Development of Novel Sensing Materials and Chemical Sensors with Broad Medical Applications

Suzuki & Citterio Laboratory is part of the Department of Applied Chemistry in the Faculty of Science and Technology at Keio University and focused on research into developing new sensing materials and chemical sensors.

Not limiting themselves to analytical chemistry, which is their field of specialization, they also refer to other disciplines including organic chemistry, inorganic chemistry, and biochemistry, merging these technologies to develop highly practical chemical sensors.

"Sensing materials can have a wide range of sizes from as tiny as the molecular level and the recently popular nanoparticles, to slightly larger polymers, and aggregated microparticular compounds. More specifically, they can be biomolecules including proteins and DNA, gold and other metallic nanoparticles, synthesized small molecules, or natural products, among others. We make sensing materials covering all of these, and use them for analytical chemical purposes by application to chemical sensors. Chemical sensors differ from physical sensors in that they can measure Chemical substances. Physical sensors measure temperature, or the amount of light, directly determining physical parameters. On the other hand, chemical sensors enable the direct measurement of chemical substances. In this context, the development of new sensing materials allows for the realization of corresponding new chemical sensors."

Suzuki & Citterio Laboratory designs and synthesizes functional dyes that change color or produce light by reacting with a specific substance. It develops nano-sized functional materials such as particles and polymers, and develops sensing technology that utilizes fluorescent and luminescent molecules, providing imaging inside the body which had been impossible until now. Besides development of these sensing materials, we are also researching sensing devices made out of paper.

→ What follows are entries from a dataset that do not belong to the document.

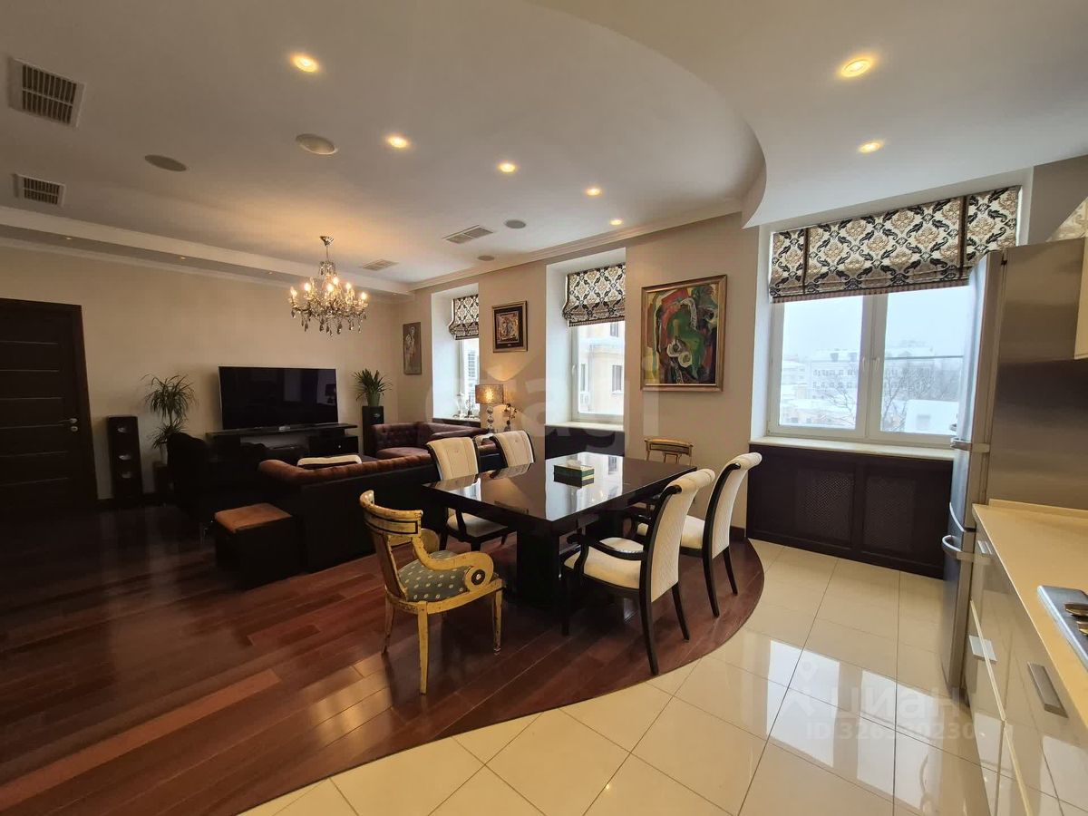Светлая 5-комнатная квартира площадью 168 м² с дизайнерским ремонтом в историческом центре Москвы. Кухня и гостиная объединены в единое пространство. Две ванные комнаты и гостевой санузел. Высокие потолки 3,4 м. Система приточно-вытяжной вентиляции, кондиционирование. Дом с двумя подъездами, один из них оборудован лифтом. Окна выходят на тихий закрытый двор и на улицу Большую Ордынка. Во дворе — закрытая парковка для жителей и небольшая детская площадка.
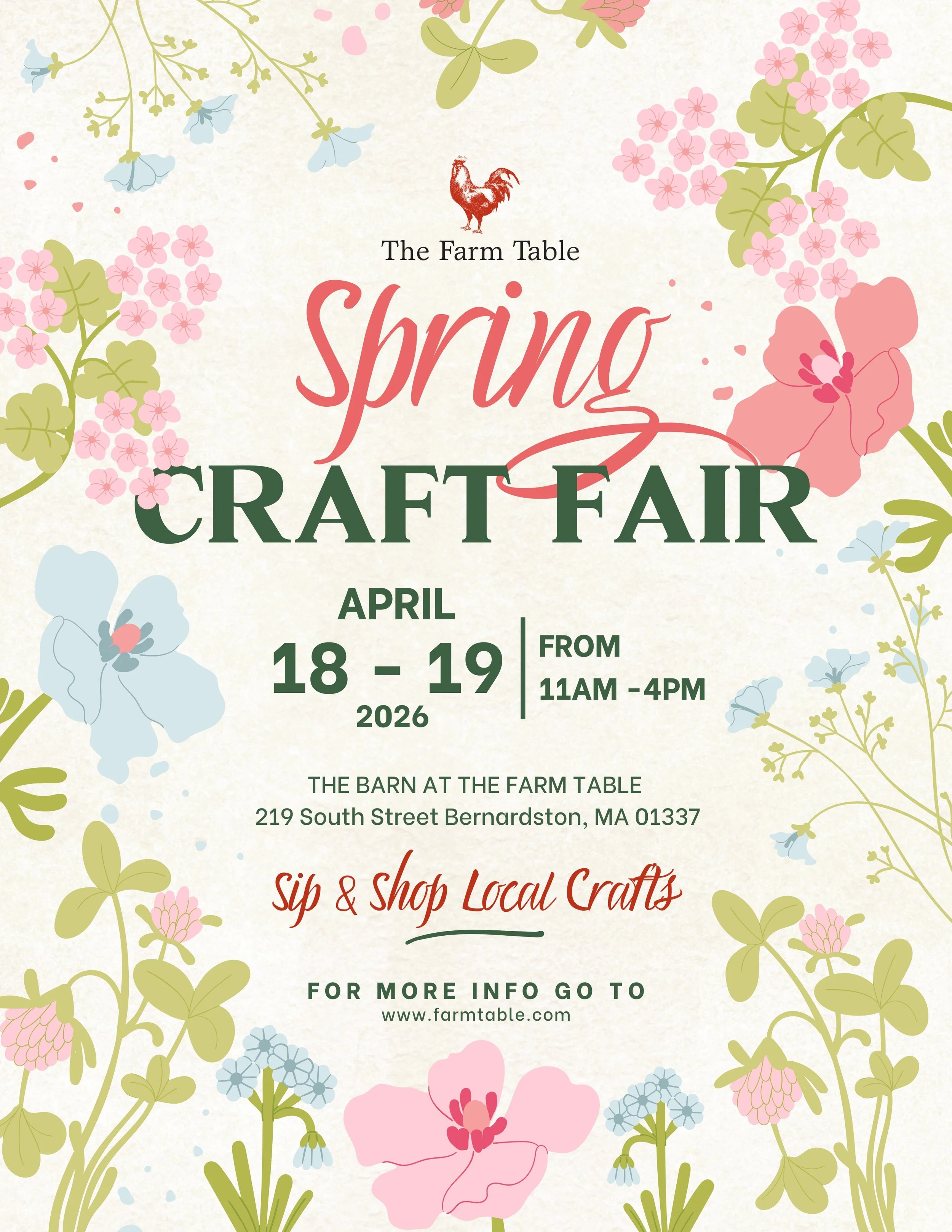 We’re so excited to share that our Sip and Shop Spring Craft Fair is coming to The Barn at The Farm Table on April 18th & 19th and it’s going to be such a beautiful weekend celebrating creativity and community.
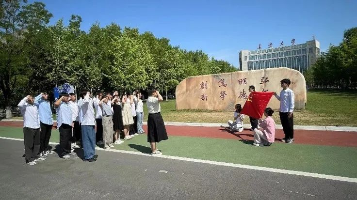 为迎接中国共产党建党103周年华诞,全面贯彻落实习近平新时代中国特色社会主义思想和党的二十大精神,2024年6月29日10时,我院本科生第二党支部在北校区校训石处举办迎“七一”暨新党员入党宣誓活动,党支部书记黎皛和支部全体学生党员、预备党员参加。活动由支部组织委员王琦主持。
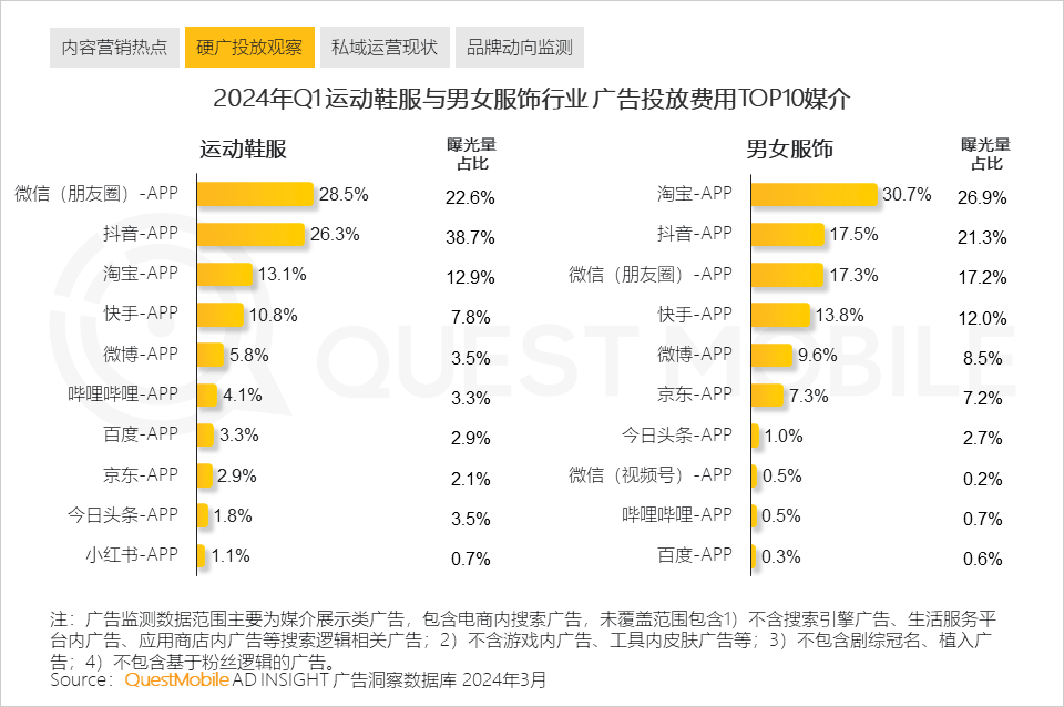 QuestMobile数据显示,2024年Q1相比去年同期,运动鞋服品类投放的效果广告费用占比上升个9.2百分点,男女服饰品类投放的效果广告费用占比上升2.2个百分点。

"Microchips and microanalytical devices have been the focus of much attention, but until now, they were all made of regular polymers or glass. With this technology, an extremely, unbelievably small laboratory can be created on a tiny chip, which is called a "Lab on chip". We call it a "laboratory" in English but in fact, it is an exceptionally small analytical device. One issue with devices is that they usually require lots of external equipment. For example, things like vacuum pumps, and microscopes are needed to detect signals. We wanted to make a slightly different microfluidic device. One that doesn't require any external equipment or an electrical source. That's why for one, we are using paper as the substrate material. Technology to print reagents has been around for some time, but what we developed was a method to print also microfluidic structures on a device by using inkjet printers. In view of future mass production, a single printing system could for example be used, to create a complete device based on a paper substrate."

Beyond the myriad of possibilities presented by sensing technology research, the Suzuki Citterio laboratory sees a broad range of medical applications ranging from home health care to clinical laboratory tests and more. Development of systems that will enrich society motivates the people in this laboratory to research and create further sensing technology.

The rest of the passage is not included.